After synaptic activity, there is an increase in dendritic Ca2+ and activation of dendritically localized CaMK. The CaMK signal is propagated to the nucleus where, presumably, CaMK exerts its effects on splicing of receptor and channel pre-mRNAs. Over the long term, the constitution of the receptors and channels at the activated (or depressed) synapse will change as a result of signaling through the CaRRE controlling alternative splicing (shown as altered cytoplasmic domains in the proteins).
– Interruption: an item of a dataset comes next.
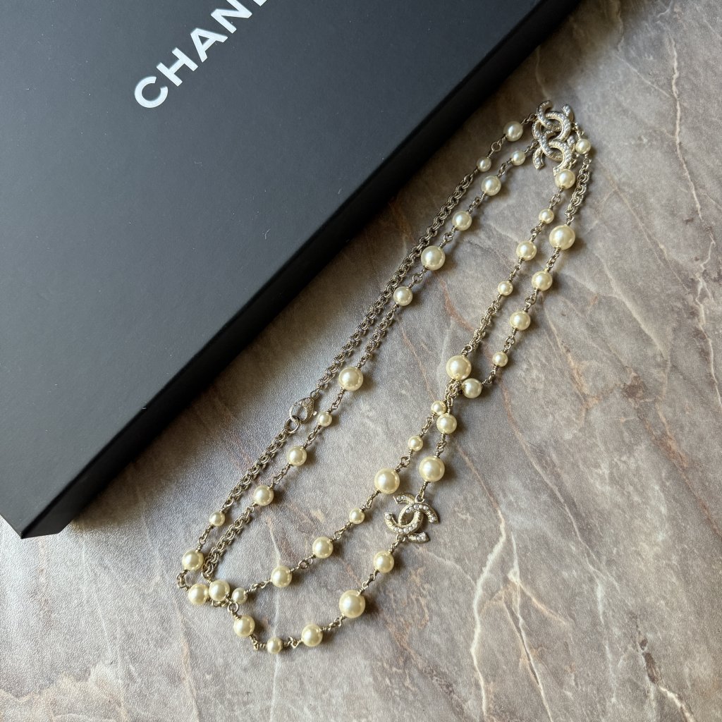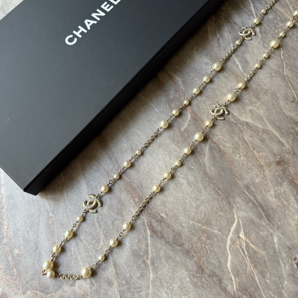 Chanel perlový náhrdelník. Délka 110cm. Nenošené.

A remaining and perplexing question is how timing and specificity within a neuron can be achieved if a particular CaMK-regulated and recently spliced mRNA is to be properly targeted to an activated synapse some distance from the nucleus. Although there is evidence for localization of specific mRNAs to activated synapses (21), is it feasible that an activity-induced and spliced mRNA could stochastically traffic out to the correct activated synapse, undergo translation, and affect synaptic function in a timely manner? Is it possible that unspliced pre-mRNA is targeted to synapses to facilitate local regulation of alternative splicing and translation? In either case, the accumulating evidence indicates that alternative splicing represents a key regulatory step in neuronal signaling.